Изменить размер шрифта:

70

— Проходили.

— То-то. Так вот запомни: стратегия — не наша область. Наше дело маленькое. Красная Армия наступает, к весне расчистим берега, протралим залив и пойдем Таллин брать. Всё по этому вопросу.

— А если не расчистим?

— Значит, на то были высшие соображения. А ты, лейтенант, я вижу, совсем покорён. Ну что ж, это мне понятно. Виктор — человек сильный, и котелок у него варит. Я постарше его и поопытнее — и то, бывает, пасую…

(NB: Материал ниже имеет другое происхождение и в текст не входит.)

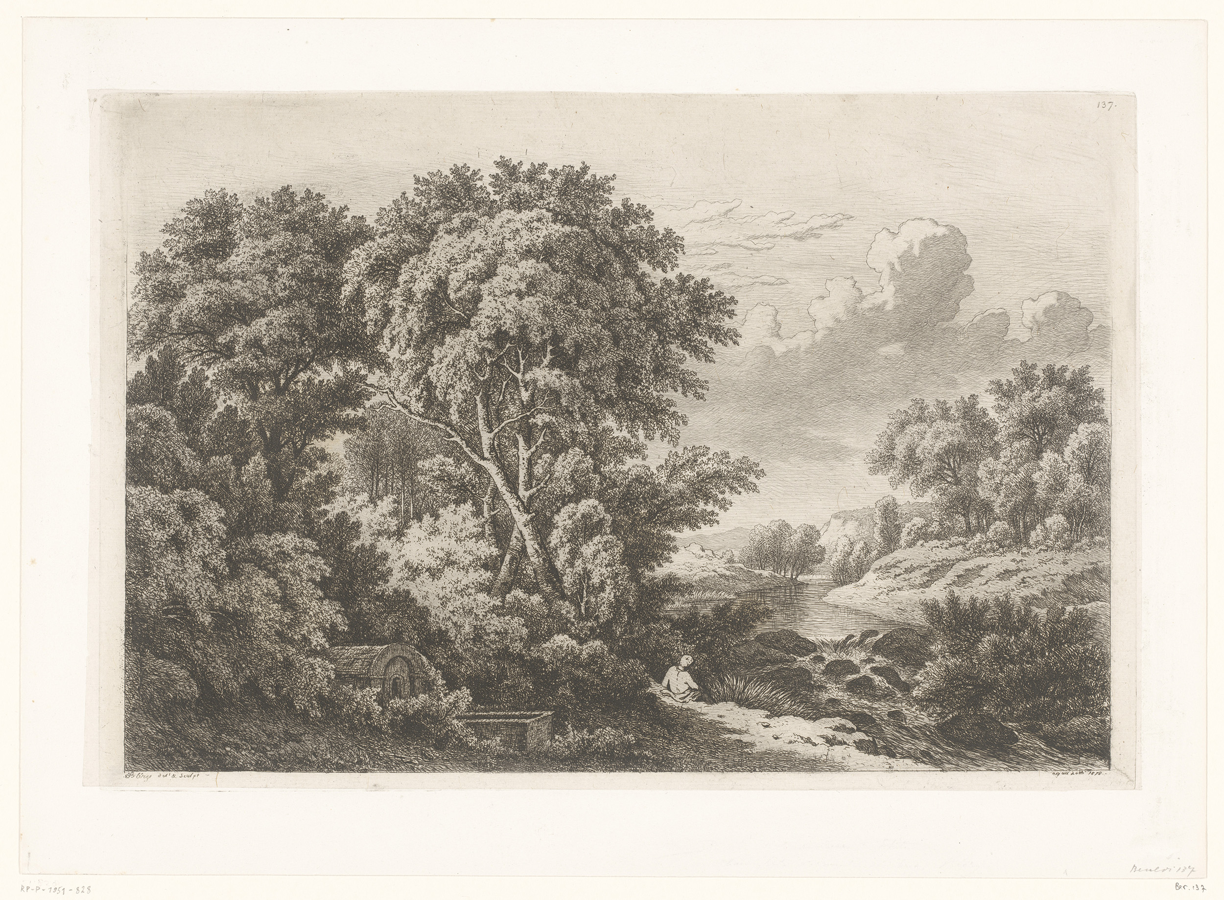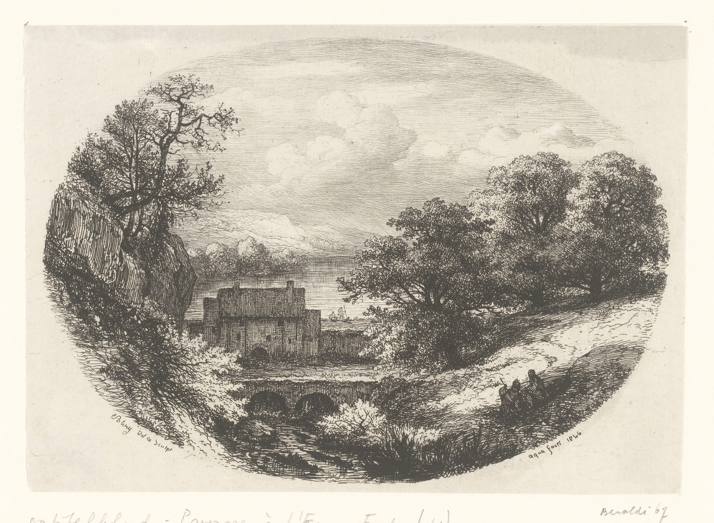 Titelprent met landschap, viaduct en twee rustende f...

Опять пришел Люлько и принес пачку отпечатанных типографским способом приказов.

— Как прочтете, товарищ капитан третьего ранга, — сказал он негромко, — попрошу вас расписаться на каждом в отдельности и вернуть в секретную часть. У себя не оставляйте.

Люлько говорил почтительно, но с апломбом человека, чувствующего себя представителем некоей высшей силы, перед которой и он, и командир дивизиона равны, с той лишь разницей, что в сношениях с этой силой он, Люлько, гораздо опытнее и довереннее комдива.

Люлько ушел. Комдив сел за стол и стал читать. Читая он медленно, со значительным лицом, осторожно переворачивая страницы. Бумага вызывала у Кондратьева почтение, он плыл по неизведанному бумажному морю, испытывая одновременно и удовольствие и страх перед невидимыми рифами.

Митя, понявший, что это надолго, опять думал про свое. Он сердился на комдива: «Ну что он меня держит?» — и еще больше на себя за то, что не решался сказать комдиву: «Разрешите идти?» Его злило, что он теряет в присутствии комдива уверенность и непринужденность. «Да, я уважаю Бориса Петровича за храбрость и вообще как старшего товарища, он мне нравится, я хотел бы, чтоб и он ко мне хорошо относился. Но ведь я его не боюсь и далек от того, чтобы заискивать перед ним. Почему же я теряюсь и веду себя как мальчишка?»

Комдив прочитал Туровцеву несколько выдержек из разных приказов — это был несомненный признак доверия. Дочитав приказы до конца и расписавшись, Кондратьев позвонил Люлько, чтоб тот забрал папку, и опять заговорил о Горбунове.

— Критиковать можно, — сказал он, раскуривая потухшую трубку. — Важно, с каких позиций. Он, видите ли, офицер! Понравилось ему это слово. Мы уже с ним сцепились раз на эту тему. «Откуда, говорю, у тебя эти аристократические претензии? Ты же прачкин сын, с кронштадтского мола штанами мальков ловил, какой ты офицер? Есть на флоте командиры: младшие, средние и старшие — одна лесенка для всех. Так почему же боцман не офицер, а вот тебя чем-то таким мазали, что ты офицер? Может, еще золотые погоны на себя нацепишь?» — «А что же, говорит, хоть бы и эполеты, в этом традиция». Так ведь к традиции тоже требуется классовый подход…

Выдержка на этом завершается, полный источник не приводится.